Covid infections in Sweden currently show a doubling of 43 days and the number of deaths per million is above average, especially in comparison with other Scandinavian countries.
In mid-May, Johan Carlson, Director-General of the Swedish National Board of Health, told Der Spiegel magazine: ‘Hopefully we’ll get closer to (herd immunity), maybe in June.’
But on BBC radio, chief epidemiologist Anders Tegnell contradicted the idea that herd immunity is the strategy. Rather, he says, the pandemic is affecting different countries in different ways, so each government must make its own decisions – only time will show which was right.
By the end of April, antibodies to the coronavirus had been detected in only 7.3 per cent of Stockholm’s population.
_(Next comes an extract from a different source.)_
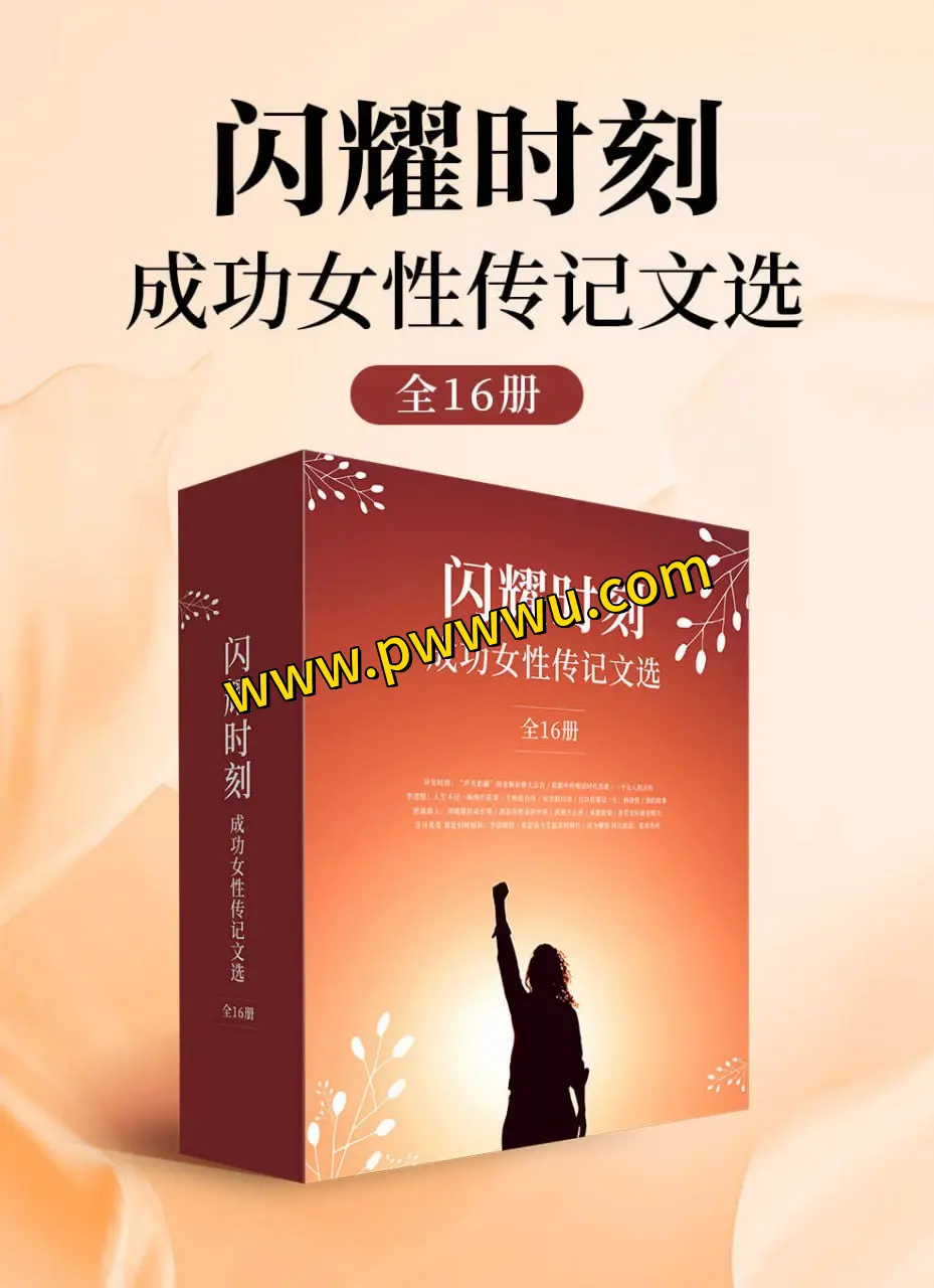 这套文学系列共包含16部作品,涵盖了不同时代、不同领域的杰出女性,每一部都是对她们生平和精神的深刻描绘。它们分别是:《异见时刻:“声名狼藉”的金斯伯格大法官》讲述了美国最高法院大法官金斯伯格的非凡人生;《我眼中的殖民时代香港》揭示了香港殖民时期的独特风貌;《一个女人的自传》展现了一位女性的成长故事;《李清照:人生不过一场绚烂花事》是对宋代才女李清照的诗意解读;《王映霞自传》呈现了王映霞的个人历程;《宋美龄自述》揭示了宋美龄的亲身经历;《且以优雅过一生:杨绛传》描绘了杨绛的优雅一生;《我的故事》是作者的自述;《逆流而上:刘媛媛的成长课》讲述了刘媛媛的成长之路;《创造你想要的世界》鼓励读者创造自己理想的世界;《武则天正传》深入探讨了武则天的传奇;《成都姑娘》描绘了成都女性的风土人情;《你若安好便是晴天》是对美好生活的向往;《寻寻觅觅却是旧时相识:李清照传》再次聚焦李清照的生活与艺术;《你是我今生最美的修行》是对爱情和人生的一种深刻感悟;《因为懂得所以慈悲:张爱玲传》则是对张爱玲生活与文学的深刻理解。这些作品共同构成了一幅丰富多彩的女性生活画卷,为读者提供了一次深入了解不同女性故事的机会。

Tegnell admitted the figure was ‘a bit lower than we thought’. He assumes that about 20 per cent of Stockholm’s population is now infected with the virus.
His predecessor, Annika Linde, had originally supported the no-lockdown strategy. Now, however, she has changed her mind in view of the many deaths. ‘It was a clear error of judgment,’ she says.
The short-term economic outlook after the crisis is bleak for Switzerland and Sweden. The Swedish Institute for Economic Research and the State Secretariat for Economic Affairs say gross domestic product in both countries will fall by around seven per cent in 2020, followed by a recovery the following year.
It is still too early to judge the success or failure of either country’s Covid strategies. However, it can be said that the Swiss lockdown has apparently succeeded in containing the coronavirus and the medium-term outlook for the economy does not differ significantly from Sweden, which did not opt for a lockdown.